Il existe une autre raison pour ces femmes de souffrir : elles ont été éduquées à penser que l’amour doit déboucher sur la vie de couple, le fait de partager un foyer, d’être ensemble et de vieillir à deux… Quand elles comprennent que leur amoureux ne quittera jamais son épouse, les voilà dans la détresse mais, pire encore, une détresse honteuse. Leur douleur est stigmatisée, explique Marie-Carmen Garcia : «Elle est interprétée soit comme une imbécillité inhérente à ces femmes, soit comme une punition méritée.» Quand ces femmes se plaignent de souffrir, les psys leur font comprendre que tout est de leur faute. Tout est de leur faute.

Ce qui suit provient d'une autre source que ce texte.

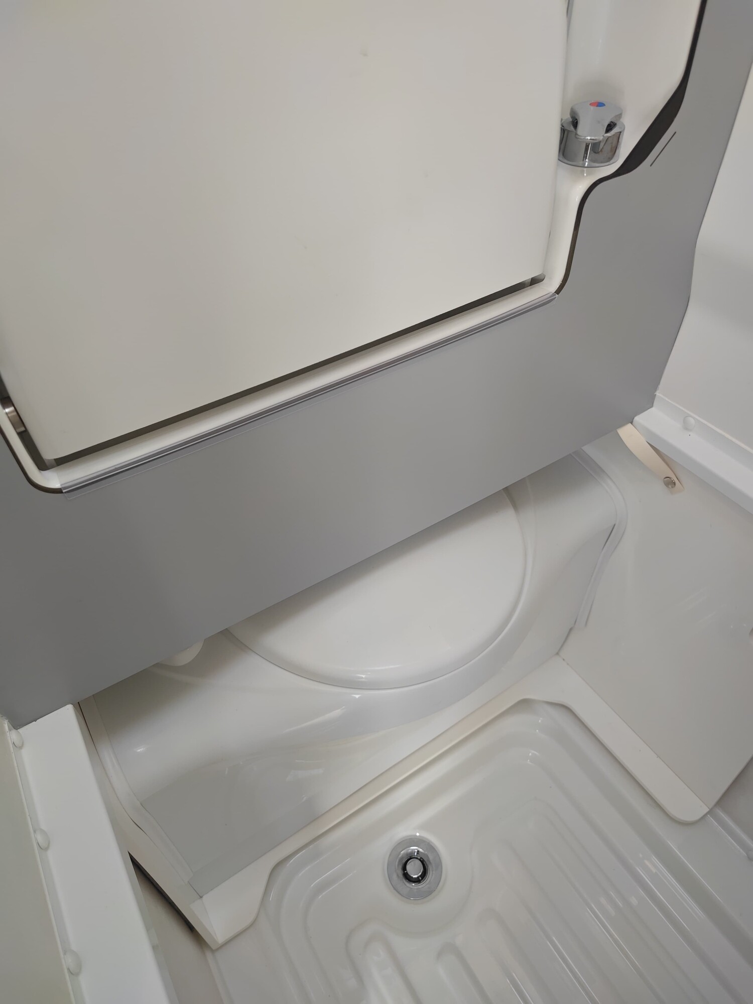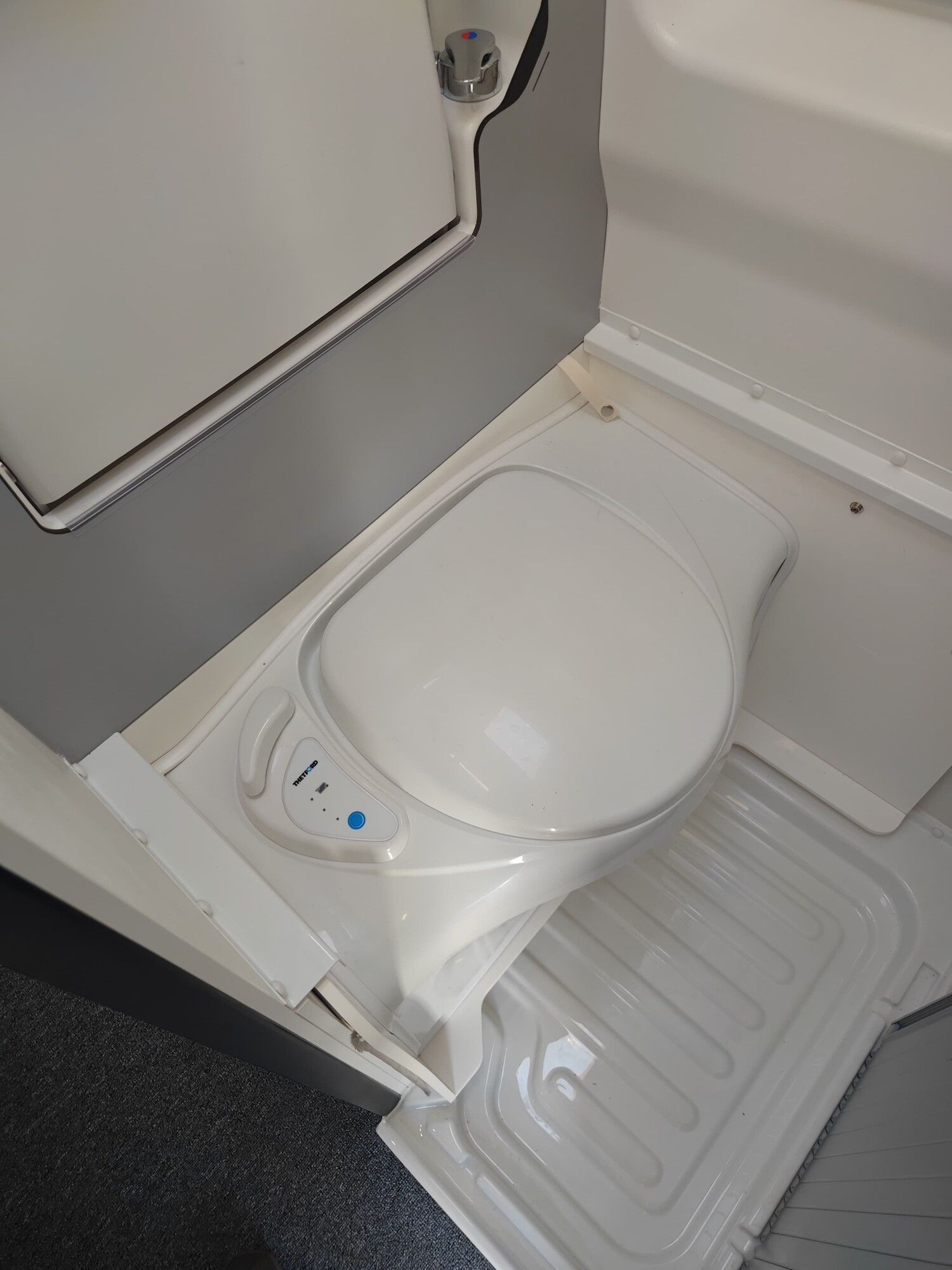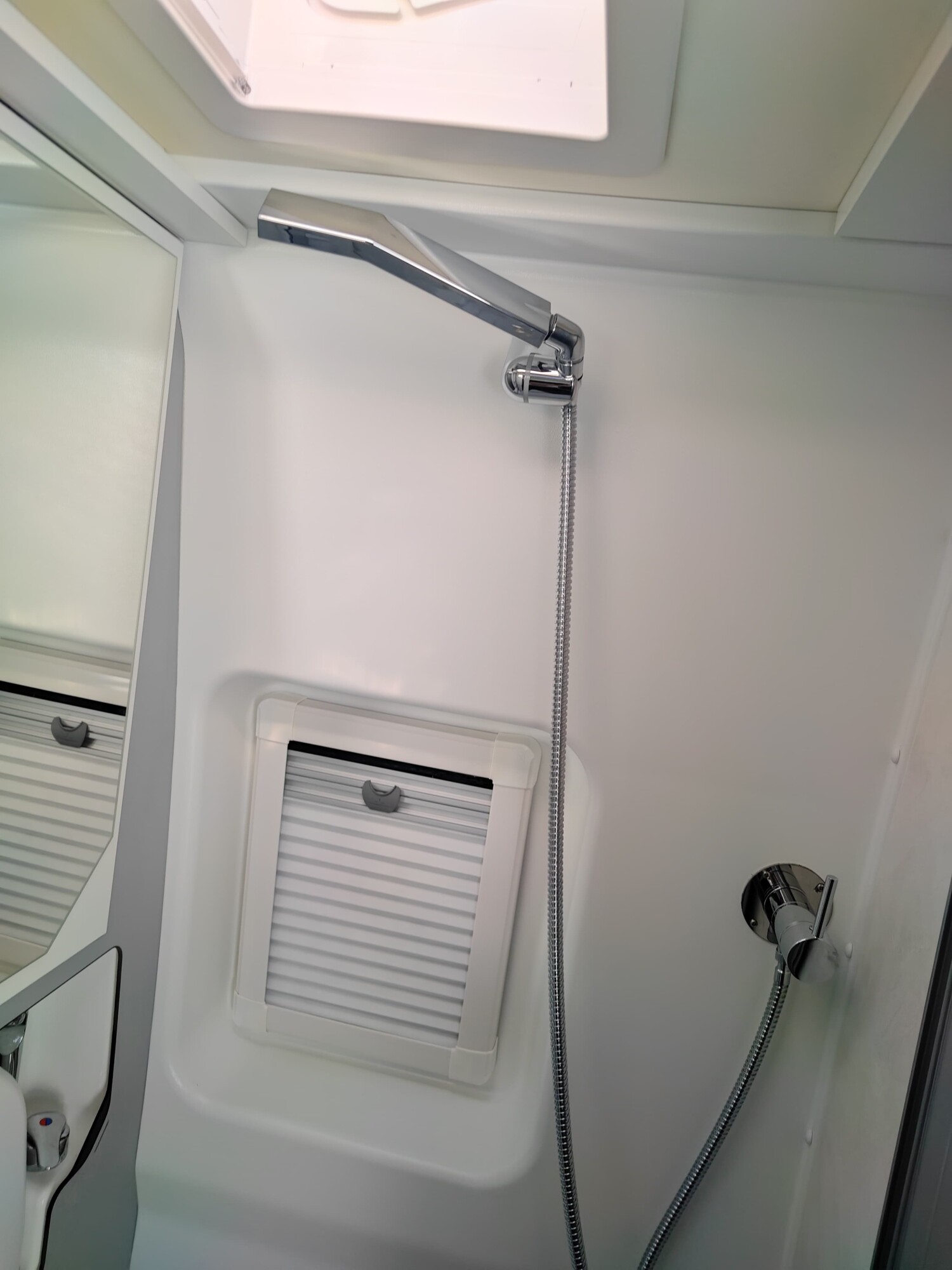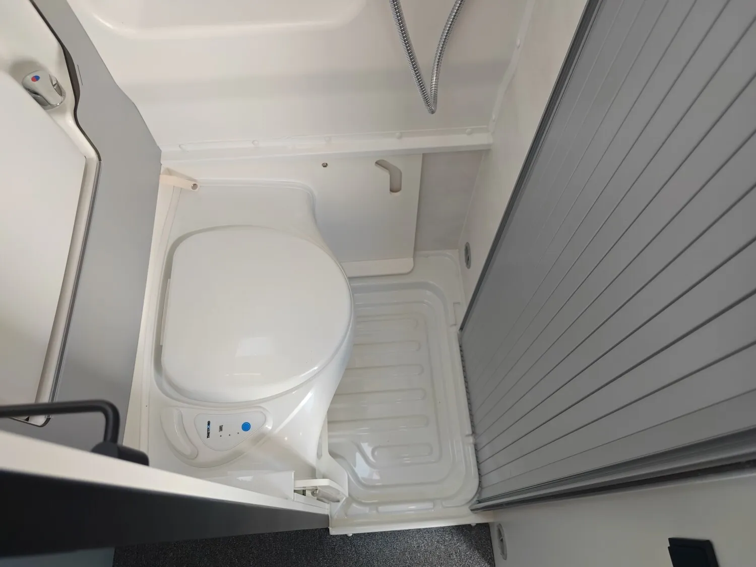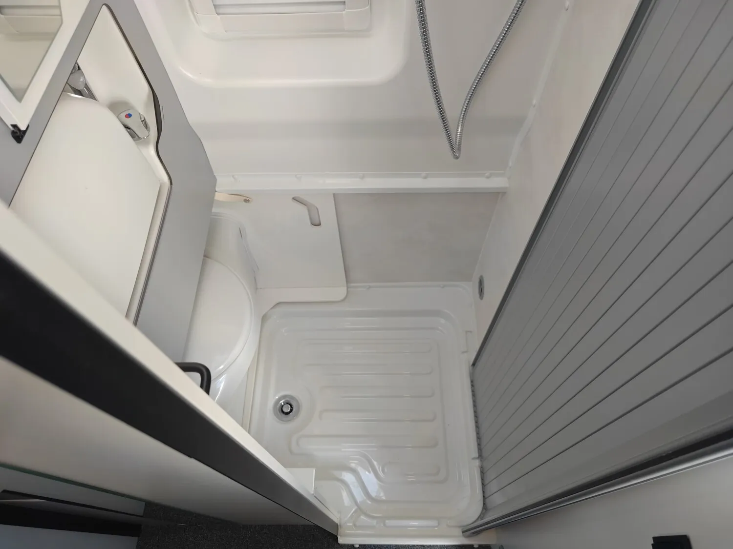 - Nasszelle mit einer ausziehbaren Banktoilette, einem klappbaren Waschbecken, einem Spiegelschrank, einem Seitenfenster und einer Duschausstattung

Pourquoi ? Parce qu’en vertu d’un credo imbécile, l’amour n’est pas censé procurer autre chose que du «plaisir» et du «bien-être». L’idée que «l’amour fait mal» (pour citer Eva Illouz) n’est pas jugée comme légitime en happycratie. Quand on aime, on est censé être heureux.

Citant la philosophe Barbara Carnevali, la sociologue souligne que «le tourment du désir non partagé, autrefois célébré […] comme signe d’élévation spirituelle, est un symptôme de mauvaise santé psychique et l’indice d’un échec». Pour la mentalité contemporaine, dans le contexte idéologique des sociétés concurrentielles, chacun doit être responsable de son bonheur. Malheur aux gens insatisfaits ou en manque ! Ils sont jugés malades. Marie-Carmen Garcia rapporte ainsi les propos d’un psychiatre : «Ma clinique est pleine de femmes en dépression parce qu’elles aiment un homme marié.» Ces propos la révoltent car ils témoignent du dogmatisme impitoyable de notre époque, mais surtout d’une injustice flagrante : les femmes sont les premières victimes de ce système qui renvoie chacun à sa responsabilité individuelle. A la différence des hommes, elles sont en effet tenues d’éprouver des sentiments exclusifs.